Segment Start: Source material

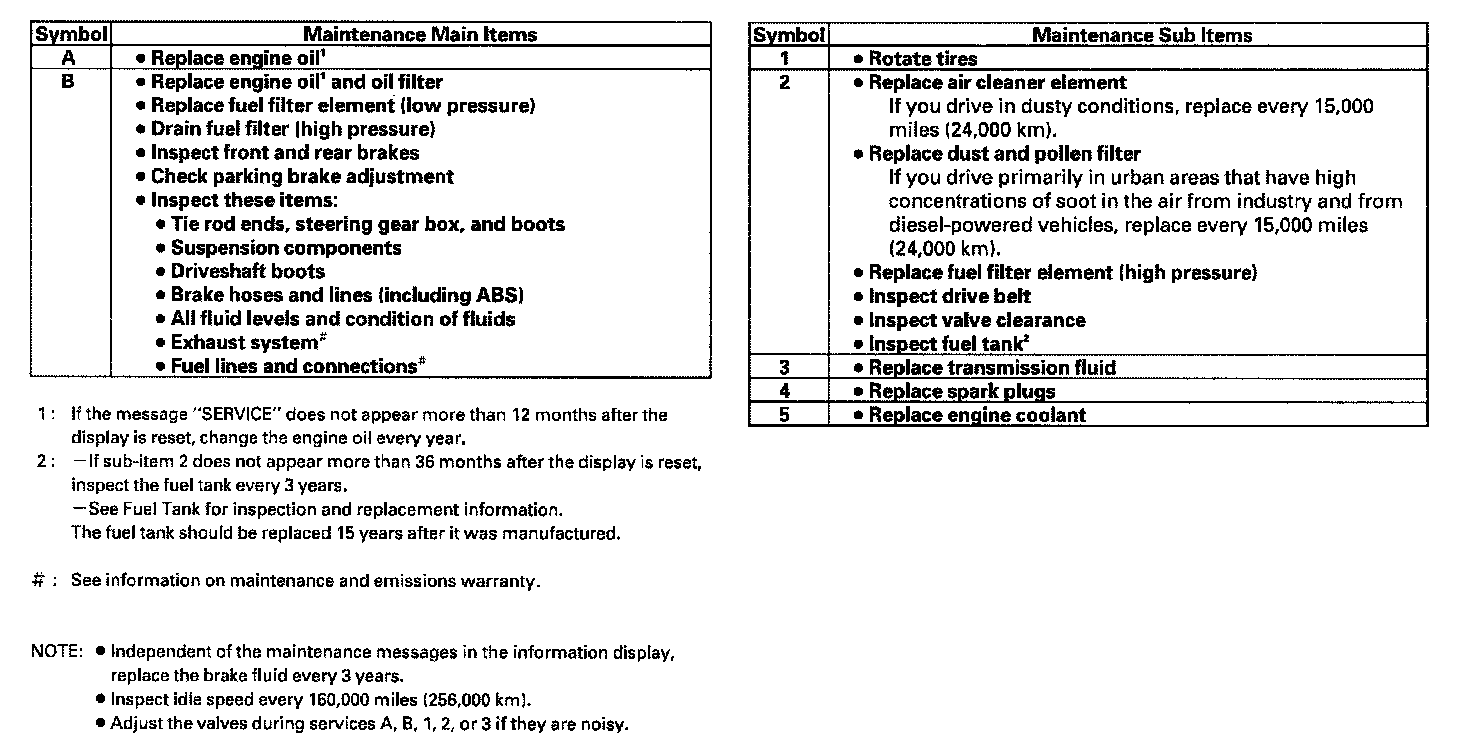 items displayed in the odometer/trip meter or the multi-information display are in code.
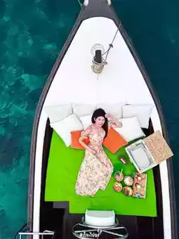 The Journey is a beautifully decorated head-turning boat in a minimalistic style. Content creators will definitely love it as it is stunning from every angle and has a very chill atmosphere. We can stop by to admire the beautiful world-class sea view and experience the underwater world by diving to see the beautiful coral reefs of Koh Tao.
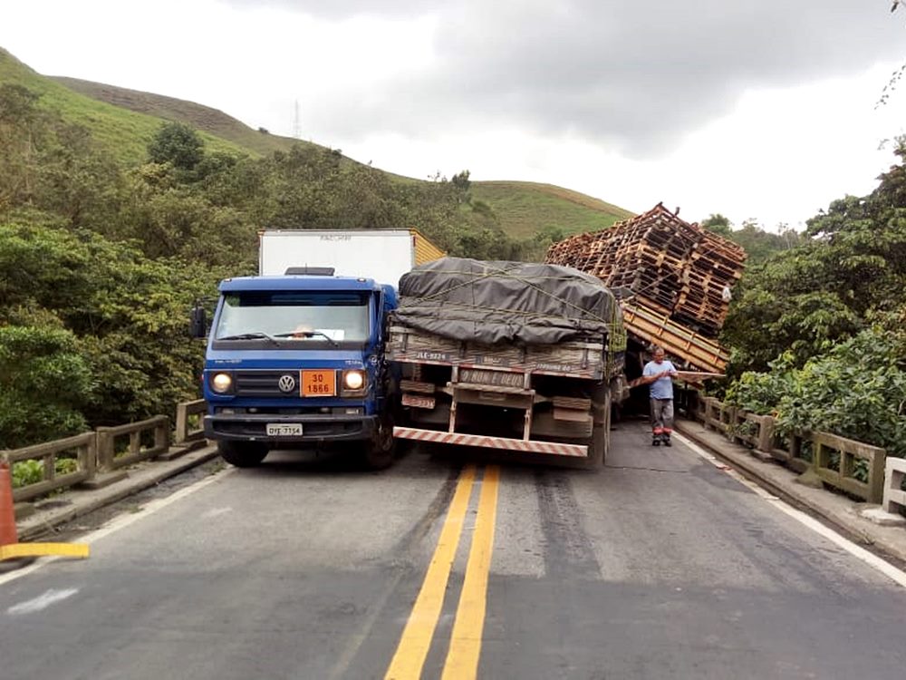 Colisão envolvendo três caminhões para a BR-262

Segment End: Source material

## Action item
Retype all of the data above word for word, excluding the pictures.

## Output for this task
 items displayed in the odometer/trip meter or the multi-information display are in code.
 The Journey is a beautifully decorated head-turning boat in a minimalistic style. Content creators will definitely love it as it is stunning from every angle and has a very chill atmosphere. We can stop by to admire the beautiful world-class sea view and experience the underwater world by diving to see the beautiful coral reefs of Koh Tao.
 Colisão envolvendo três caminhões para a BR-262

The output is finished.